Целую неделю займет Средиземное — большая морская дорога. Через каждые пять-десять минут — расхождение с встречным судном. Если оно под красным флагом — обязательно погудит, просигналит семафором: «Счастливого плавания, китобои!» И мы ответим гудками — поблагодарим. И кто-то позавидует морякам со встречного теплохода: через неделю будут дома! Но никто не выскажет зависти. Это просто неприлично: впереди еще семь месяцев!..

В Средиземном поглядим на землю — синюю полоску африканского берега с цепочкой одинаковых и незнакомых деревьев, бегущих по склону. Иногда, в очень темную ночь, можно рассмотреть справа по борту трепетное темно-багровое зарево — отблеск огненного дыхания Этны…
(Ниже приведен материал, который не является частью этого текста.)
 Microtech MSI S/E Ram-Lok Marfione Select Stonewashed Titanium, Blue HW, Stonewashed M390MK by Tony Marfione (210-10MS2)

Последняя земля — похожая на нашу Медведь-гору Гибралтарская скала. Веселые краски городка, белые пассажирские лайнеры в гавани, яркая зелень по склонам гор. Кажется, мирными яркими красками перечеркнуты серые остывшие от долгого бездействия контуры военных кораблей. Ветераны морских сражений давно не поднимают якорей. Это хорошо. Однако не обольщайся! Вон со стороны Африки стремительно приближается блестящая металлом черточка с дымным хвостом. Идет на посадку, натужно гудя турбинами, реактивный истребитель. И под плоскостями знакомые с недоброго детства черные кресты. Когда-то, завидев самолеты с крестами на плоскостях, Гибралтар ощетинивался огнем. Теперь наши радисты слышат, как немецкому летчику англичане корректируют посадку. НАТО!..
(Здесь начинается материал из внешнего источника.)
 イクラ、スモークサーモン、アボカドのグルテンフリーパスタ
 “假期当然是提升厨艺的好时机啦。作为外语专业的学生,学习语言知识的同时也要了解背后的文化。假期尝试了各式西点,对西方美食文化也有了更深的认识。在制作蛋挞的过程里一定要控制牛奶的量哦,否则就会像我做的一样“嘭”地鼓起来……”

Даже если ты в каюте и не видишь, как исчезает за кормой Гибралтар с пушистой шапкой облаков на каменной макушке, все равно почувствуешь океан. Даже ночью! Совсем иная качка. Медленно и долго кладет на один борт, потом на другой. В каюте оживают вещи и начинают разговаривать между собой. Устало и протяжно вздыхает плащ, скользя по отполированной стенке шкафчика; в шахматной коробке начинается сердитый спор между белыми и черными; тонко и певуче поскрипывают переборки каюты. При резком и глубоком крене сама собой откроется дверь каюты и потом сама закроется, словно в каюту вошел невидимка…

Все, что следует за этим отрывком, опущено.